Berkeley’s project is to add OGP support for layers with a bounding box but that are not georeferenced was well received.  To support the effort, Tufts will add a new field to the Solr schema.  This will be in the OGP point release created at the end of January.  Support for non-georeferenced could also help us deal with collection level data.  The roll-out of this change to the Tufts production server will be coordinated other OGP sites relying on the Tufts Solr instance.

Tufts will initiate a discussion about moving from setting map server locations in a config file to using the existing “location” field in the Solr schema.

Getting OGP authentication to work with central authentication servers is a challenge.  We need to document thoroughly Harvard’s solution and understand the issues with Berkeley’s system.  This issue is critical because authentication is required for access to licensed/restricted data.  Dave Siegel at Harvard has started to document his solution at http://code.google.com/p/opengeoportal/wiki/PINAuthentication .  Berkeley will be sending code that demonstrates their authentication issue for troubleshooting.

There is very broad interest in shared cloud based OGP resources.  To quote MIT, “instead of figuring out how and when to harvest metadata from many sites/systems, we’d like to explore all sites contributing metadata to one shared site that can be easily searched by all
instanced of OpenGeoPortal”.  Tufts will take the lead by generating a beta proposal and starting a discussion within the community.  The current OGP functionality of each institution controlling whose data they see will be preserved.  It will likely require metadata standards.  We envision administration access similar to the OGP source repository; staff from multiple institutions will have commit privileges.   Such a system will eventually require we handle cross-institution de-duplication.

We will likely hold another OGP Tech Talk meeting at the end of January.  It may use a telephone based conference call to provide high quality audio and Adobe Connect for chat and screen sharing.  Please let Steve know if that would be a problem for you.
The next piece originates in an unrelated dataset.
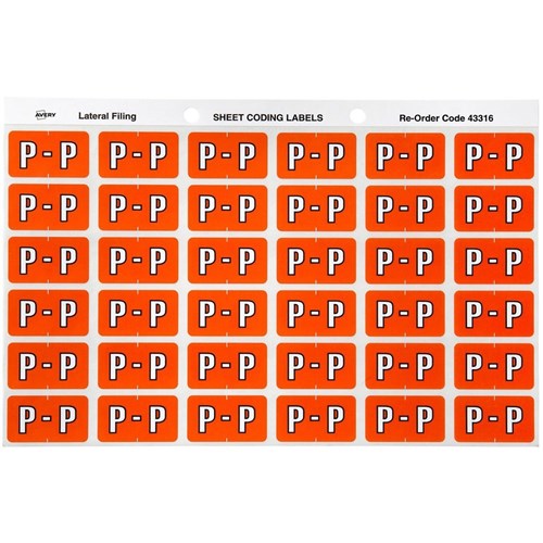 Avery Alphabet Coding Label P Side Tab 25x38mm Dark Orange Pack Of 180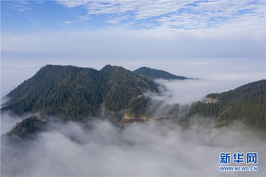 1月19日,在貴州省從江縣高增鄉天鵝山拍攝的雲海景觀(無人機照片)。新華網發(吳德軍 攝)

Additionally, feel free to use the mailing list for questions, meeting agenda items and announcements.

On-line Technical Chat

A bunch of OGP developers are getting together on Wednesday, January 11th at 4pm Eastern Time.  If you want to join us, email Steve McDonald (Stephen.McDonald@tufts.edu).  Here’s our agenda:

  • Status Update – what people are doing
  • Berkeley’s Project
  • Solr Schema Changes
  • Questions – Protected content programming

Here’s the details on Berkeley’s project:

Here at Berkeley, we have about 40,000 scanned maps, mostly from topographic map sets. These maps have to be georeferenced, which is a long process, but we can assign bounding boxes to each file/sheet. We would like to make these maps available to our patrons for searching and visualizing while we are working on georeferencing them. We have managed to get non-georeferenced images into Geoserver, so we can use the same server and access method for the non-georeferenced images as for the georeferenced ones.

PROPOSAL

We propose that we add a new key value pair to the Solr record. The key would be ‘georeferenced’ and the values would be true or false.

The Solr record would have a bounding box, but the bounding box would be approximate.

A layer whose Solr record ‘georeferenced’ field has a value of false would behave in every way like a regular layer except that
on preview, the layer would open in a new openlayer window.

Since the URL for accessing a non-georeferenced layer is different from a regular WMS call, there will also be some code that will deal with that, but it can easily work off the ‘georeferenced’ metadata tag. (here is an example

<a href=”http://linuxdev.lib.berkeley.edu:8080/geoserver/UCB/wms?service=WMS&version=1.1.0&request=GetMap&layers=UCB:images&CQL_FILTER=PATH=’furtwangler/17076013_02_015a.tif’&styles=&bbox=0.0,-65536.0,65536.0,0.0&width=512&height=512&srs=EPSG:404000&format=application/openlayers“>17076013_02_015a.tif</a>

notice the CQL_FILTER argument. This is a working URL, though the Geoserver is on a development system and may go down without notice.)

DEVELOPMENT

Since we have a pressing need for this modification, we would of course do the development and make the code available as an OGP module.